Moosavi began his talk by outlining what he would discuss, emphasizing a focus on the content of his last chapter. Giving a brief account of the Iran-Iraq War, Moosavi geographically and historically centers the audience in the 1980s in the marshlands that run along the Iran-Iraq border.
He illustrated how Ba’athist Iraq and a theocratic Islamic Iran came to clash, and how, after eight years of fighting, the war ended with no clear winner or territorial change.
In an interview after the release of his book, Moosavi discussed how the war and the literature that came from it gave him questions he needed to answer.
“I wanted to write a book about something I kept seeing in Iranian and Iraqi fiction: writers returning to this war and the effects it had on their countries,” Moosavi said. “It seemed to me that the ways each government tightly controlled the war narrative during the war years foisted a responsibility upon writers from both countries to write the story of this war anew, outside the terms of the two ‘official’ literatures that were produced abundantly during the 1980s.”
Moosavi then highlighted the goals he had for his first book. He wanted to introduce English readers to the Iran-Iraq War’s impact on the region’s literature, highlight the contemporary fiction that promoted robust social and political debates and propose the war as a tool for studying Persian and Arabic literature comparatively.
Sami Suhwail, graduate student studying Middle Eastern studies, was one student present at the event.

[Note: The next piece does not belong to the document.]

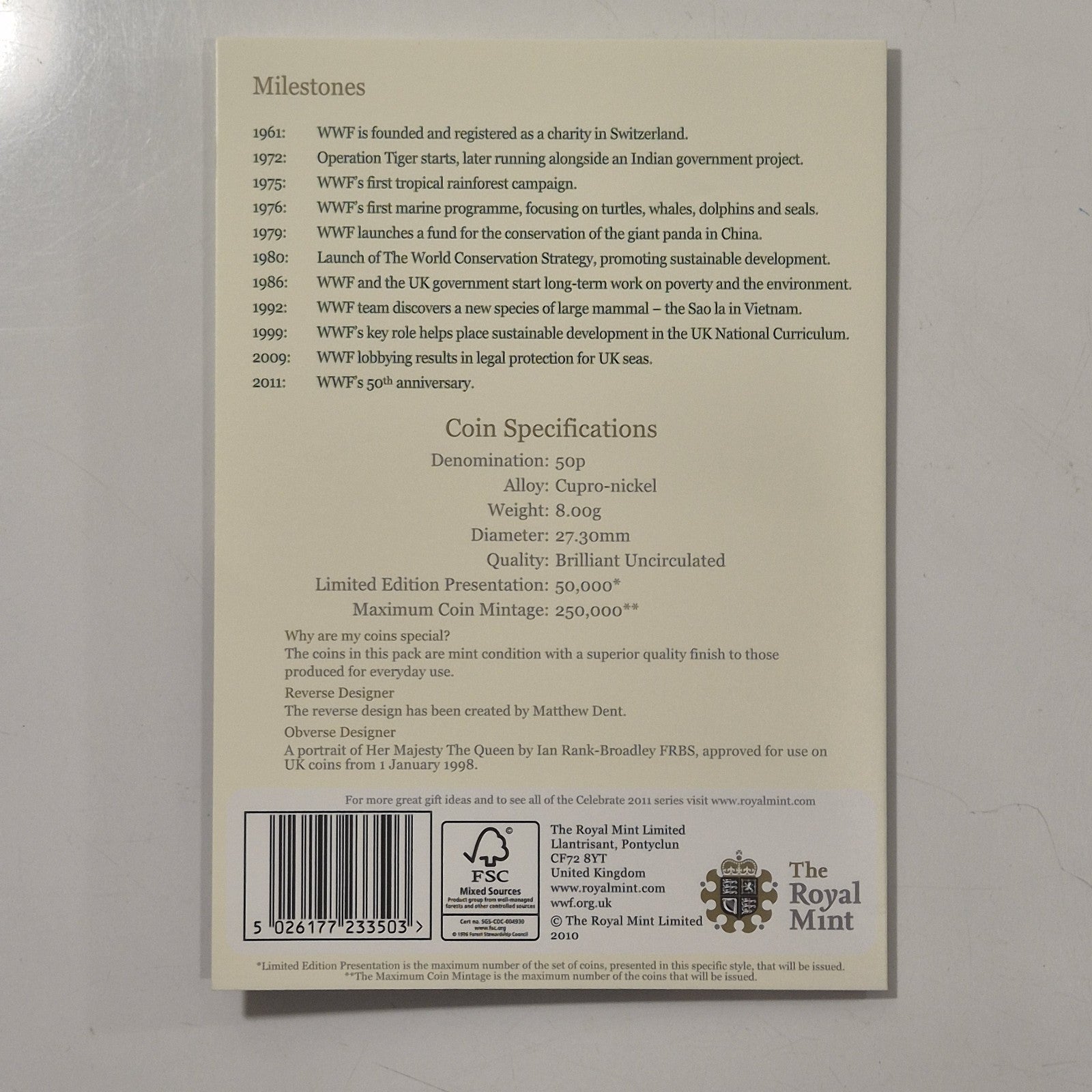 2011 Royal Mint UK GB World Wildlife Fund WWF BU 50p Pence Coin
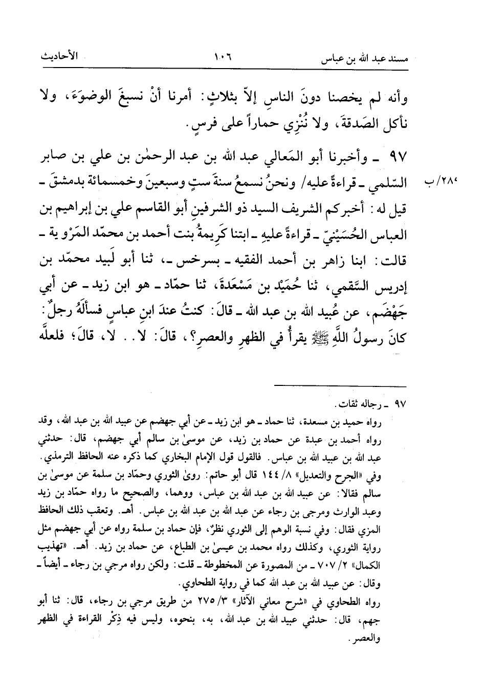 97 - وَأَخْبَرَنَا أَبُو الْمَعَالِي عَبْدُ اللَّهِ بْنُ عَبْدِ الرَّحْمَنِ بْنِ عَلِيِّ بْنِ صَابِرٍ السُّلَمِيُّ، قِرَاءَةً عَلَيْهِ، وَنَحْنُ نَسْمَعُ، سَنَةَ سِتٍّ وَسَبْعِينَ وَخَمْسِ مِائَةٍ بِدِمَشْقَ، قِيلَ لَهُ: أَخْبَرَكُمُ الشَّرِيفُ السَّيِّدُ ذُو الشَّرَفَيْنِ أَبُو الْقَاسِمِ عَلِيُّ بْنُ إِبْرَاهِيمَ بْنِ الْعَبَّاسِ الْحُسَيْنِيُّ، قِرَاءَةً عَلَيْهِ، أبتنا كَرِيمَةُ بِنْتُ أَحْمَدَ بْنِ مُحَمَّدٍ الْمَرْوِيَّةُ، قَالَتْ: أبنا زَاهِرُ بْنُ أَحْمَدَ الْفَقِيهُ، بِسَرْخَسَ، ثَنَا أَبُو لَبِيدٍ مُحَمَّدُ بْنُ إِدْرِيسَ السَّقَمِيُّ، ثَنَا حُمَيْدُ بْنُ مَسْعَدَةَ، ثَنَا حَمَّادٌ، هُوَ ابْنُ زَيْدٍ، عَنْ أَبِي جَهْضَمٍ، عَنْ عُبَيْدِ اللَّهِ بْنِ عَبْدِ اللَّهِ، قَالَ: كُنْتُ عِنْدَ ابْن عَبَّاس فَسَأَلَهُ رَجُلٌ: كَانَ رَسُولُ اللَّهِ صَلَّى اللَّهُ عَلَيْهِ وَسَلَّمَ يَقْرَأُ فِي الظُّهْرِ وَالْعَصْرِ؟ قَالَ: لَا. . لَا، قَالَ: فَلَعَلَّهُ

“I found out about the topic earlier today, and I am interested in that area of the Middle East, so I thought it would be something interesting to hear his thoughts and hear about the comparisons,” Suhwail said. “It was a lot of information, a lot to take in.”
Moosavi highlighted key passages from the works he’s studied that talk about the legacy of the war. He read two passages from a collection of short stories, “No Windmills in Basra” by Iraqi author Diaa Jubaili, whose stories include elements of magical realism.
Moosavi ended with a quote from writer Viet Thanh Nguyen: “All wars are fought twice, the first time on the battlefield, the second time in memory.”
Calderwood said that while many students study Arabic and Persian, very few students study them together.
“The speaker was encouraging students to treat Arabic and Persian literatures in conversation with each other,” Calderwood said. “And actually, that’s quite rare.”
Following a few questions, the event wrapped up with closing remarks and applause from the audience.